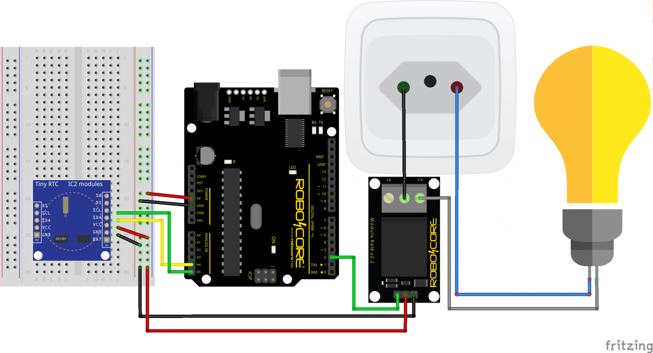 Agora que já sabemos como funciona um RTC, iremos, a partir dele, acionar um relé em um horário predeterminado. Por exemplo, na sua cidade escurece às 18h. Que tal fazer com que todos os dias, nesse mesmo horário, o relé que liga uma lâmpada na sua garagem acione e permaneça ligado até o amanhecer?
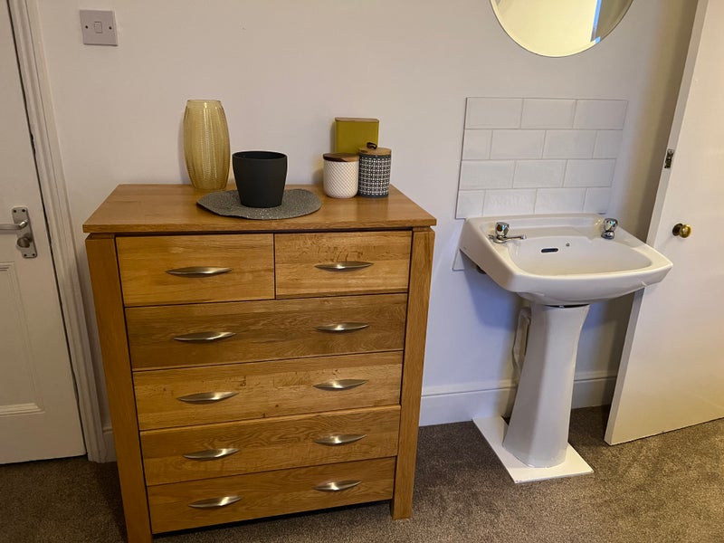 The bedrooms are furnished with contemporary solid oak furniture with double beds (we replace mattresses every 2-3 years - some rooms now have oak ottoman beds), chest of drawers, desk, bookcase, double wardrobe and most have a sink too. We ensure you have enough storage space in your room, along with conveniently placed charging and electrical points, so you can make you room into your home.
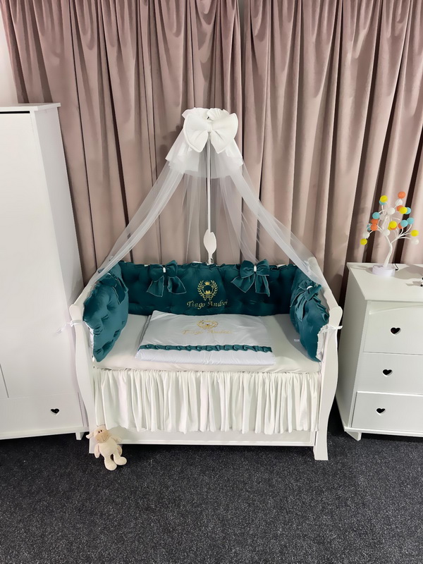 „lenjerie pătuț catifea verde smarald”, „set complet 11 piese bebeluși”, „lenjerie premium pătuț”, „catifea moale bebeluși”, „bumbac natural nou-născuți”, „lenjerie pătuț personalizabilă Royal”.
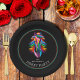 Uma cabeça de cavalo de corrida colorida brilhante e um mano em fundo preto são apresentados nestas placas de papel do partido derby. CORRESPONDENTE a itens na nossa coleção.

◆ ◆ ◆

## PROBLEM REQUIREMENTS
The data above must be written out again without alteration, and the pictures in them must be excluded.

## SOLUTION TO THIS EXERCISE
 Agora que já sabemos como funciona um RTC, iremos, a partir dele, acionar um relé em um horário predeterminado. Por exemplo, na sua cidade escurece às 18h. Que tal fazer com que todos os dias, nesse mesmo horário, o relé que liga uma lâmpada na sua garagem acione e permaneça ligado até o amanhecer?
 The bedrooms are furnished with contemporary solid oak furniture with double beds (we replace mattresses every 2-3 years - some rooms now have oak ottoman beds), chest of drawers, desk, bookcase, double wardrobe and most have a sink too. We ensure you have enough storage space in your room, along with conveniently placed charging and electrical points, so you can make you room into your home.
 „lenjerie pătuț catifea verde smarald”, „set complet 11 piese bebeluși”, „lenjerie premium pătuț”, „catifea moale bebeluși”, „bumbac natural nou-născuți”, „lenjerie pătuț personalizabilă Royal”.
 Uma cabeça de cavalo de corrida colorida brilhante e um mano em fundo preto são apresentados nestas placas de papel do partido derby. CORRESPONDENTE a itens na nossa coleção.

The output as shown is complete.